2. Conclusion of the Contract

2.1 Entegris as referred hereto, is only bound by undertakings, made in writing and signed by a duly authorized representative of Entegris.

2.2 Unless otherwise agreed, Entegris quotations are valid within 30 calendar days as from the date as they are made. Orders are submitted to the written acceptance of Entegris, unless otherwise agreed. In case of any discrepancy between the order and the acceptance, the order acceptance given by Entegris shall prevail.

2.3 After being established, these Terms and Conditions may no longer be modified, except by a written agreement of both parties.

2.4 Once accepted by Entegris, no order may be cancelled. By exception, an order may be cancelled only before delivery of the Products, with the express agreement of Entegris and with the consent of the Buyer to indemnify Entegris for any loss incurred. Products built to order are subject to cancellation under no circumstances.

2.5 Entegris reserves the right, among other remedies, either to terminate or suspend further deliveries under these Terms and Conditions in the event Buyer fails to pay for any shipment or release when the same is due in accordance with Entegris' invoice.

 

3. Description of the Products

The specifications of Entegris Products, such as weights, prices, dimensions, capacities and other indication contained in the Entegris documentation represent only indicative values, and Entegris reserves right to change product specifications without prior notice, provided it does not restrict the function and the intended use of the Products.

 

4. Prices, Payment, and Taxes

4.1 All prices are firm unless otherwise agreed to in writing. Entegris reserves the right to change the prices and specifications of its Products at any time without notice (however, agreed firm contracts and firm delivery obligations of Entegris with a Buyer remain unaffected, unless Entegris has reserved the right to change the prices and specifications of its Products for a specific reason in such contract). Unless otherwise agreed and specified, the price stated in the offers, quotations and invoices of Entegris are DDP (Delivered Duty Paid). Prices will be changed within the time if required to integrate delivery and duty costs effectively paid by Entegris.

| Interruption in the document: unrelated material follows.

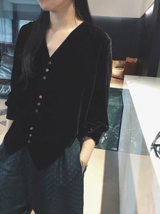 南油批发2025年秋季新款 经典版V领长袖真丝丝绒休闲时尚上衣衬衫
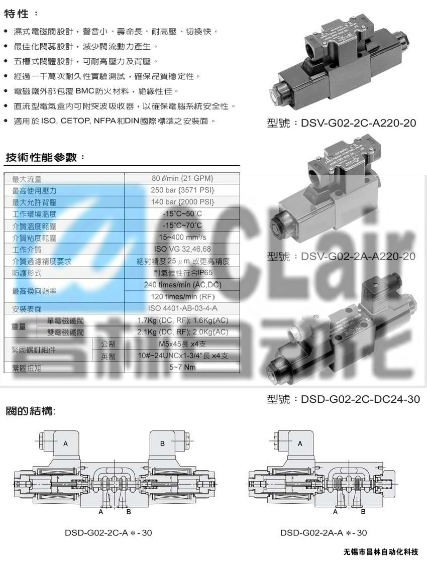 DSV-GO2-6AL,DSV-GO2-7AL,DSV-GO2-8AL,DSV-GO2-11AL,DSV-GO2-22AL,濕式電磁鐵操作換向閥

4.2 Payment terms shall be net 30 days after shipment by Entegris. In the event that payment is not received within such 30-day period, any unpaid balance shall bear interest according to Section 288 (2) of the German Civil Code (9% above the base interest rate). The invoices issued by Entegris are payable by bank transfer, unless otherwise agreed in the confirmation order. All payments made by the Buyer shall be made without any deduction or deferment in respect of any disputes or claims whatsoever and/or in respect of any taxes imposed by or under the authority of any government or public authority.

4.3 In addition Entegris reserves the right to require prepaid payment terms from any Buyer whose account is overdue for a period of more than 60 days or who has an unsatisfactory credit or payment record. Entegris may also refuse to sell to any person until overdue accounts are paid in full. If doubts arise on the ability or the willingness of the Buyer to make payment because of a deterioration of its financial situation which occurs or become known afterwards, Entegris will be entitled to request prepayment (if the delivery has not yet been made) or immediate cash payment of the still outstanding claims or, if the Buyer does not fulfill this demand within an appropriate deadline established in writing, to withdraw from the contract.

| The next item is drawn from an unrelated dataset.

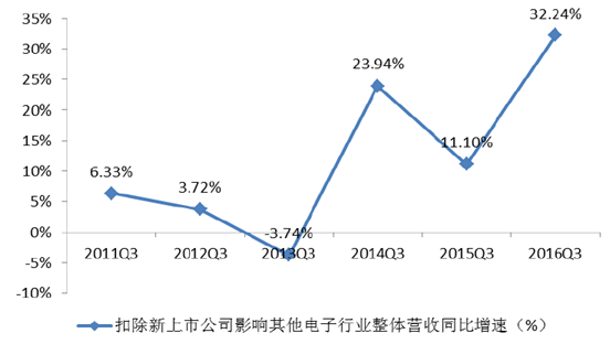 其他電子行業整體扣除新上市公司影響后行業整體營收增速

4.4 The minimum order value amounts to 5OO €/$; ordering lower than this amount could affect a service charge of 50 €/$.

4.5 To take advantage of the tax exempt sales at the time of invoicing, the Purchaser must provide Entegris with the documents justifying such a tax exemption when he places the order; the late sending of such documents may not constitute an obstacle to the payment of the invoices on the due date, and any reimbursement of exonerated taxes and the accounting adjustments may only be made after receipt of such documents.

 

5. Delivery Conditions

5.1 Entegris reserves the right to make partial deliveries with corresponding partial invoicing. All partial deliveries will be separately invoiced by Entegris and shall be paid for when due by Buyer regardless of the timing of any subsequent delivery. Any delay in delivery of any partial installment shall not relieve Buyer of its obligation to accept remaining deliveries.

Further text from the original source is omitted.